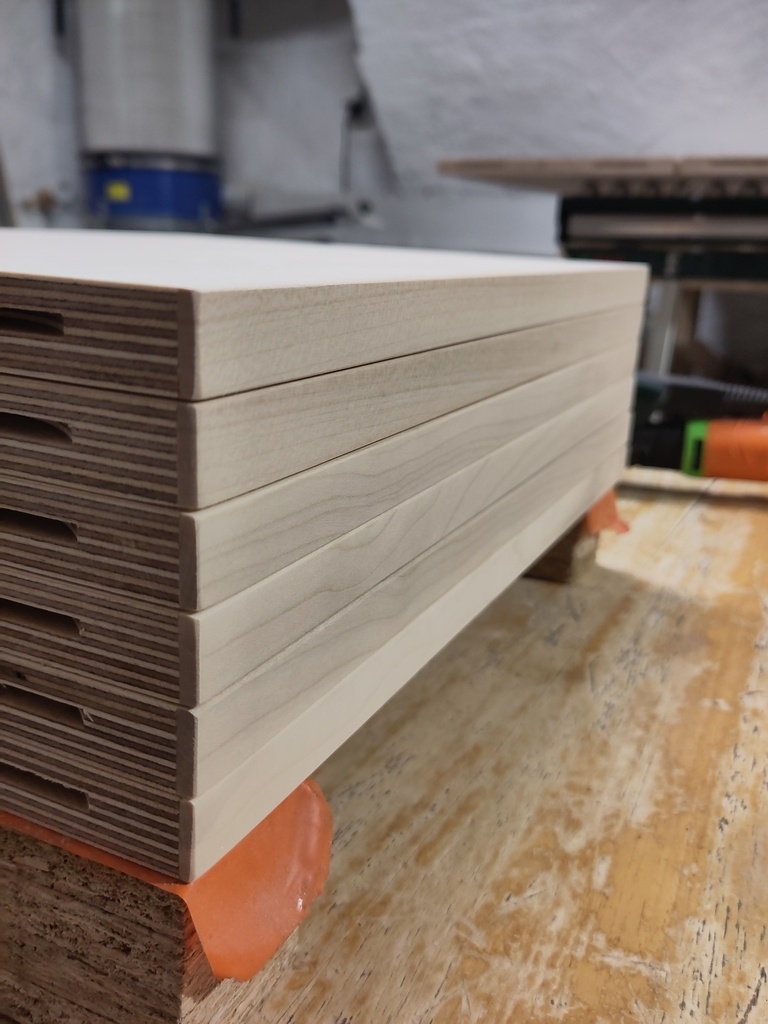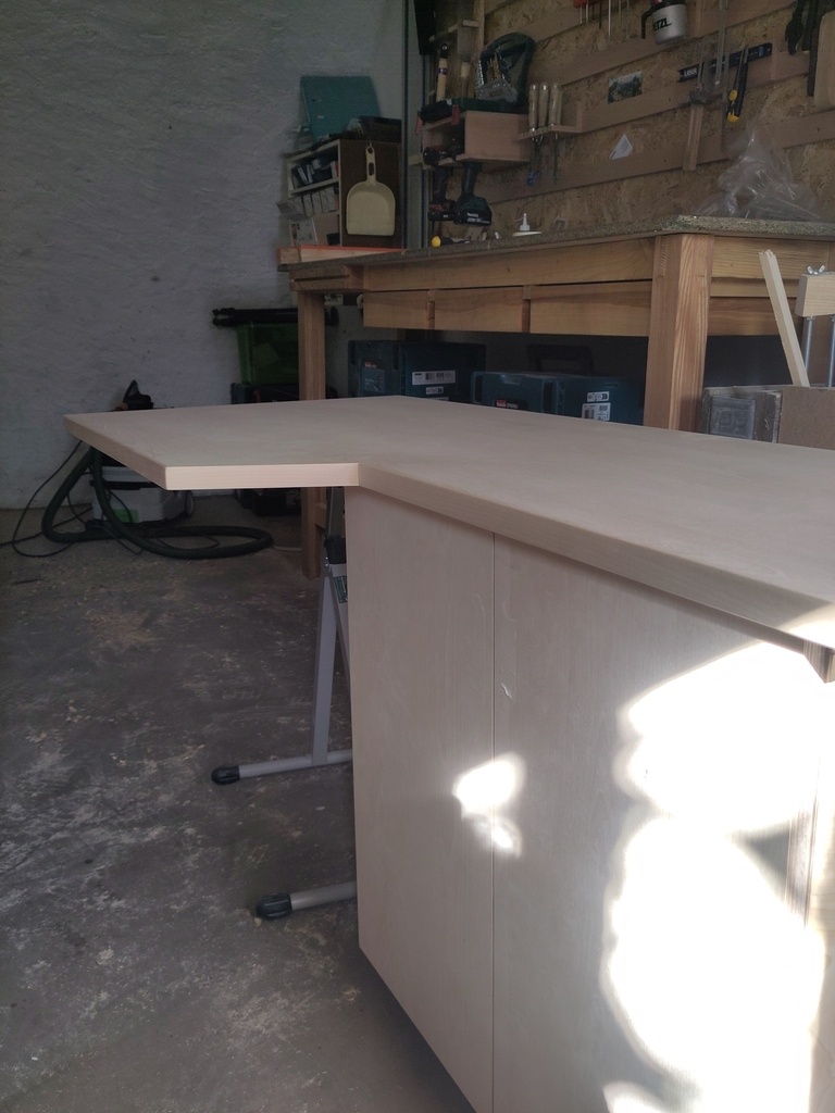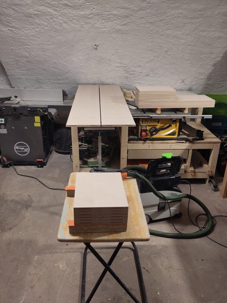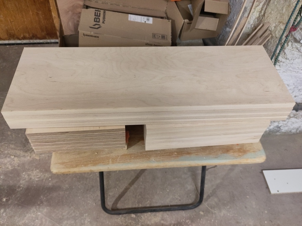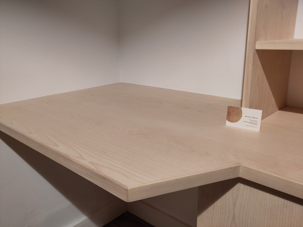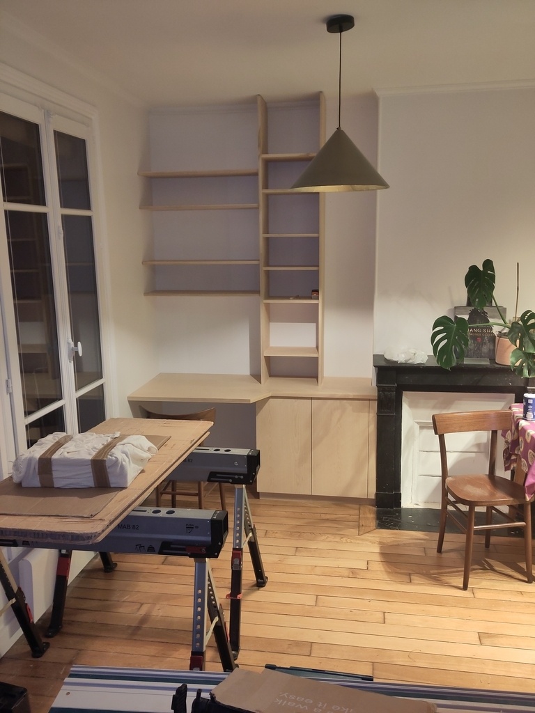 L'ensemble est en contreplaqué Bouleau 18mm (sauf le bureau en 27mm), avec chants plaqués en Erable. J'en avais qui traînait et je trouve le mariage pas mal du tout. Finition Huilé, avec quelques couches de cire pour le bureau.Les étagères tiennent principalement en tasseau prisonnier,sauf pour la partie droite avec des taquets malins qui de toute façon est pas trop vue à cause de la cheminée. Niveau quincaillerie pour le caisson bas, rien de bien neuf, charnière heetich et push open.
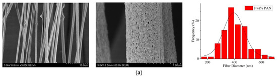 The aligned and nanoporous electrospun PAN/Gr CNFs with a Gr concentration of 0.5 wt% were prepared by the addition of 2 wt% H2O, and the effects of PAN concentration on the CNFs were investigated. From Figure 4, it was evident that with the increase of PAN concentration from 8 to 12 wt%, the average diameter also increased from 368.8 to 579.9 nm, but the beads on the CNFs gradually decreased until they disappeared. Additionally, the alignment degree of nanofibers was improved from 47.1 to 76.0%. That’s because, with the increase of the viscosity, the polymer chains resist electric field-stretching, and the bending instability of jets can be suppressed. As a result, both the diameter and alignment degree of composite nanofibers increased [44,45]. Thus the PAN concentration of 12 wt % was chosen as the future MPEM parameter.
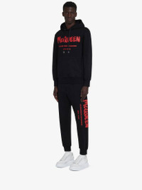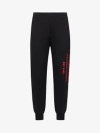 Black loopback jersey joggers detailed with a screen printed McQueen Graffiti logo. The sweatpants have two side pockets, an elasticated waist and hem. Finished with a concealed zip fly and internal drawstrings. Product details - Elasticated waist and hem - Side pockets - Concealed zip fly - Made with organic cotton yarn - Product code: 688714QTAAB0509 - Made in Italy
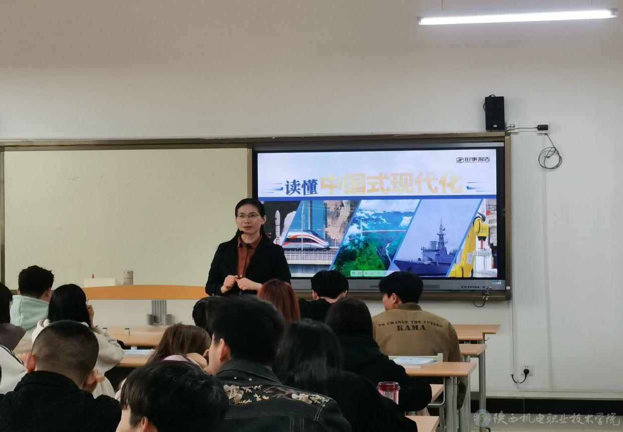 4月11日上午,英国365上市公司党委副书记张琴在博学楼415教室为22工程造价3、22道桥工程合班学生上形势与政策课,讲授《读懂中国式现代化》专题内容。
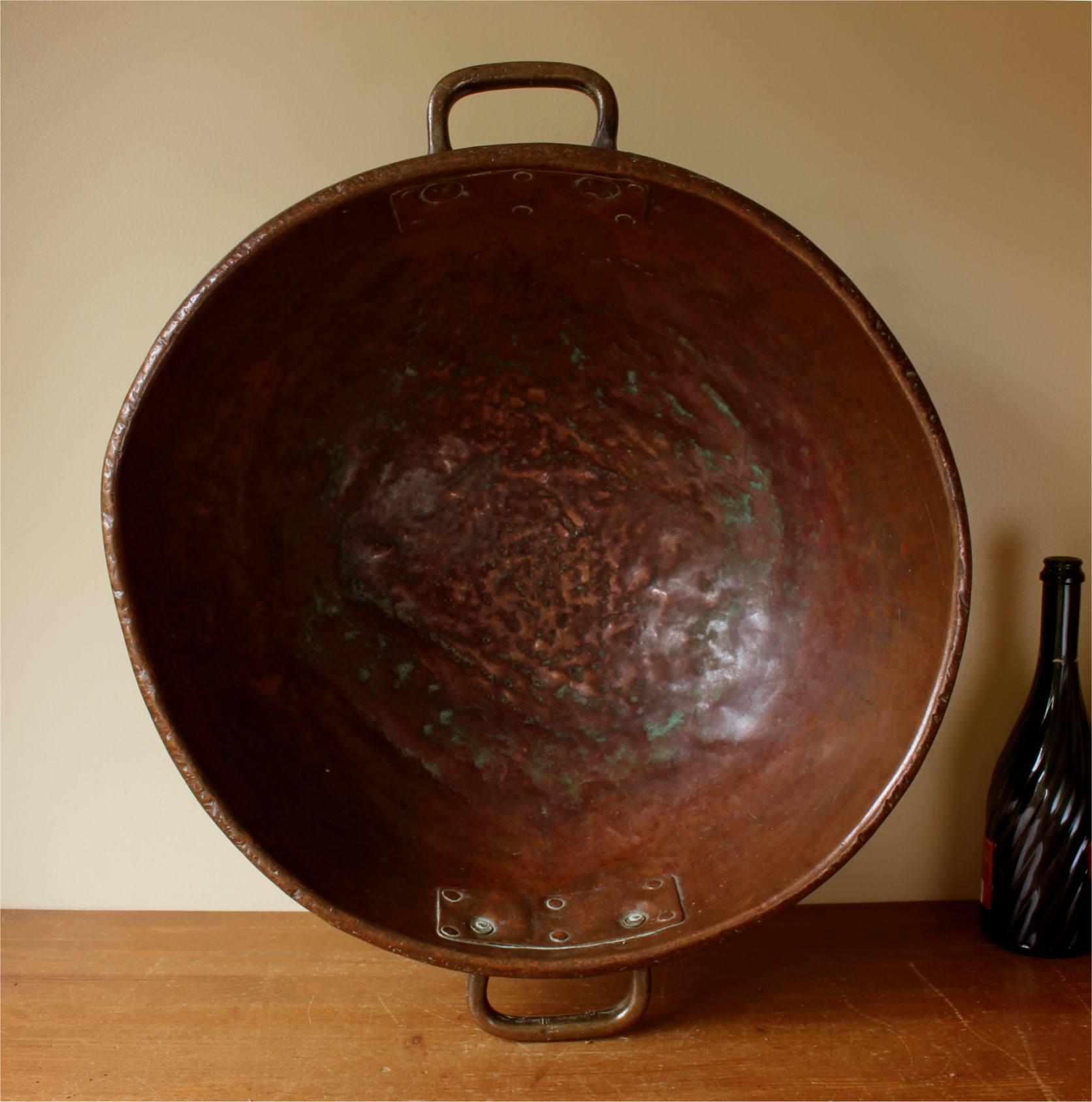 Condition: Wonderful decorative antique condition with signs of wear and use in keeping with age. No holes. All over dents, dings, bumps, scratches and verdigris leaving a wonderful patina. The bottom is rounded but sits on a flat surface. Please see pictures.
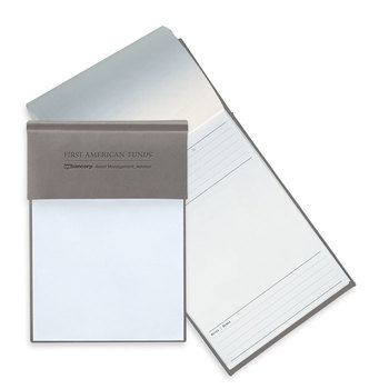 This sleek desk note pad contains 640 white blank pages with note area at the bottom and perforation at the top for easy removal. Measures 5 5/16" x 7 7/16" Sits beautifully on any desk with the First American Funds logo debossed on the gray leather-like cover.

§ **WORK ITEM**
Each record above needs to be retyped exactly, without any pictures.

§ **YOUR SOLUTION**
 L'ensemble est en contreplaqué Bouleau 18mm (sauf le bureau en 27mm), avec chants plaqués en Erable. J'en avais qui traînait et je trouve le mariage pas mal du tout. Finition Huilé, avec quelques couches de cire pour le bureau.Les étagères tiennent principalement en tasseau prisonnier,sauf pour la partie droite avec des taquets malins qui de toute façon est pas trop vue à cause de la cheminée. Niveau quincaillerie pour le caisson bas, rien de bien neuf, charnière heetich et push open.
 The aligned and nanoporous electrospun PAN/Gr CNFs with a Gr concentration of 0.5 wt% were prepared by the addition of 2 wt% H2O, and the effects of PAN concentration on the CNFs were investigated. From Figure 4, it was evident that with the increase of PAN concentration from 8 to 12 wt%, the average diameter also increased from 368.8 to 579.9 nm, but the beads on the CNFs gradually decreased until they disappeared. Additionally, the alignment degree of nanofibers was improved from 47.1 to 76.0%. That’s because, with the increase of the viscosity, the polymer chains resist electric field-stretching, and the bending instability of jets can be suppressed. As a result, both the diameter and alignment degree of composite nanofibers increased [44,45]. Thus the PAN concentration of 12 wt % was chosen as the future MPEM parameter.
 Black loopback jersey joggers detailed with a screen printed McQueen Graffiti logo. The sweatpants have two side pockets, an elasticated waist and hem. Finished with a concealed zip fly and internal drawstrings. Product details - Elasticated waist and hem - Side pockets - Concealed zip fly - Made with organic cotton yarn - Product code: 688714QTAAB0509 - Made in Italy
 4月11日上午,英国365上市公司党委副书记张琴在博学楼415教室为22工程造价3、22道桥工程合班学生上形势与政策课,讲授《读懂中国式现代化》专题内容。
 Condition: Wonderful decorative antique condition with signs of wear and use in keeping with age. No holes. All over dents, dings, bumps, scratches and verdigris leaving a wonderful patina. The bottom is rounded but sits on a flat surface. Please see pictures.
 This sleek desk note pad contains 640 white blank pages with note area at the bottom and perforation at the top for easy removal. Measures 5 5/16" x 7 7/16" Sits beautifully on any desk with the First American Funds logo debossed on the gray leather-like cover.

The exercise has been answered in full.